Specific assignments
Splitting equally doesn't necessarily make sense if there's a financial mismatch between the families. Asking for equal contributions in that case could cause embarrassment or resentment.
If you suspect one family could (and wants to) help a little, not a lot, Bowling suggests asking for something specific—the flowers, the bar tab, the programs, the photographer—from the family with a more limited budget. Even better if you could pick an item or service that matches what you'd guess that family would be willing to contribute.
This approach gives the family ownership over a distinct part of the wedding, which can feel especially important if they're feeling uncomfortable about the financial disparity between the families. The family that pays for the flowers could proudly share that the gorgeous bouquets, boutonnieres, and centerpieces were their contribution.
Just remember to talk about what exactly ownership means before you accept their help. For example, if they're funding the flowers, they might want to choose the blooms—or at least the florist. If you're willing to relinquish control here, you could give that family a color scheme and a vibe (as in, modern, traditional, or somewhere in between) and let them do the rest. If you still want to call the shots, then the funding family might need to give you a budget to work with.
Asking for help
Some parents of a newly engaged bride or groom offer a certain amount of money to help pay for wedding expenses. If they do, great—just know that there probably isn't much room for negotiation, and you'll need to build your budget around what they're chipping in.
But if they don't bring this up, you still can ask them if they'd be willing to contribute. Be prepared that they might say no, or not give as much as you hope. "It's important to go into this knowing that you might not receive the responses you were expecting and be willing to compromise," Grumet says. In that case, you might need to tweak your budget—or your expectations.
Talking about weddings and money
Conversations around wedding finances could feel uncomfortable.
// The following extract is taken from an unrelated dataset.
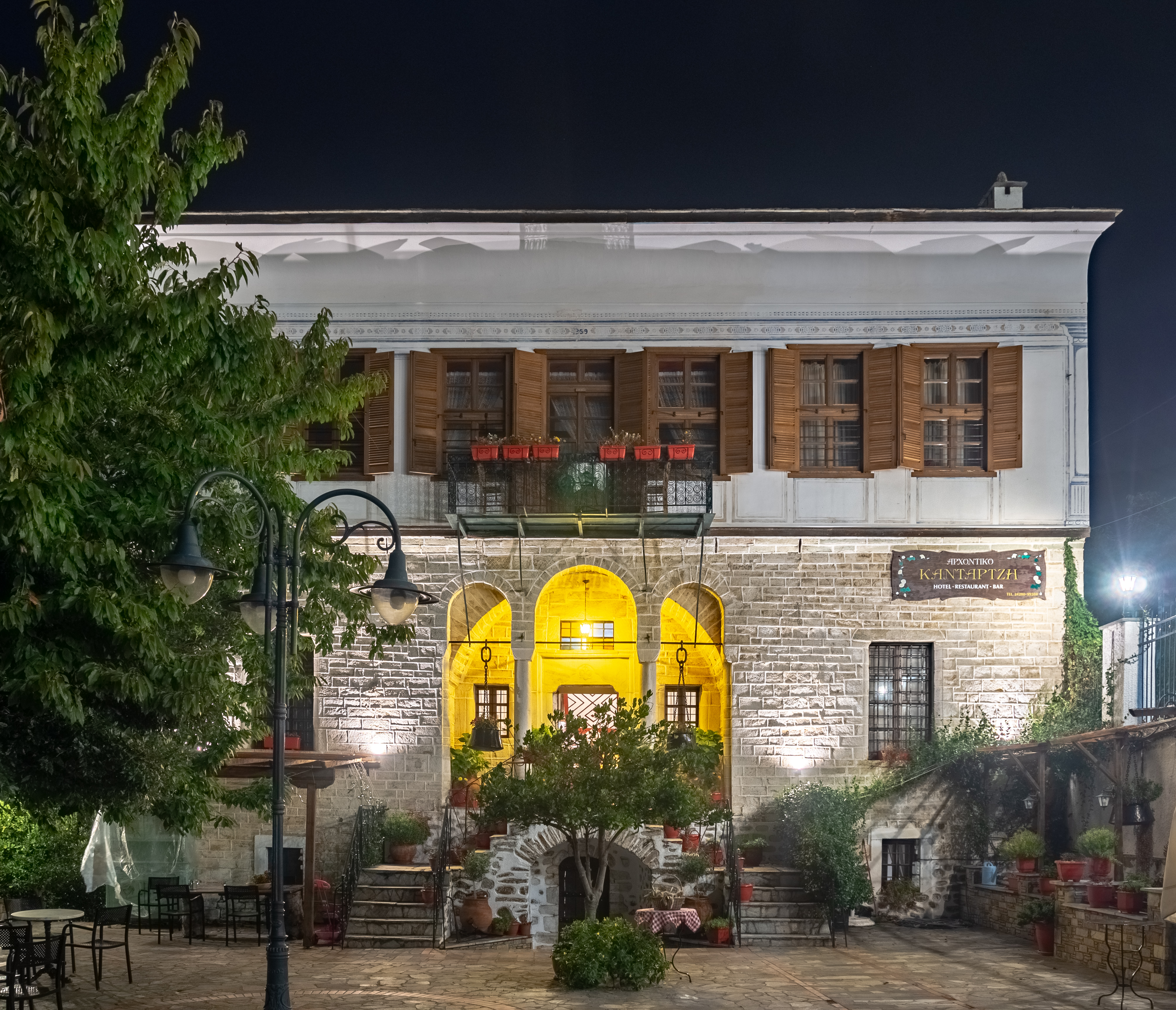 Kantartzis mansion, Portaria, at night«Αρχοντικό Κανταρτζή, Πορταριά»

To make them less so:
Schedule time to talk. With your partner and with anyone you might ask to help pay for the wedding. Tell them the topic you'd like to discuss beforehand, so they're not blindsided.
Include the right people. Have an initial conversation with each family separately. Your parents might not feel comfortable discussing their finances with your partner's family—or their ex. It's best if the request comes from their child, not their child's partner.
Be honest and sensitive. Feel free to share your hopes. But understand they might not fit with your parents' plans for their money, and you might need to adjust accordingly.
Give them time to make a decision. Don't expect an answer about a dollar amount or even an item to cover on the spot. Do suggest a date when it would be good to know how much they can help, so you can plan your budget.
It might not always be easy, but working with your partner to figure out your wedding budget and how to make each set of parents feel included in the wedding planning are all part of a healthy foundation for a successful marriage.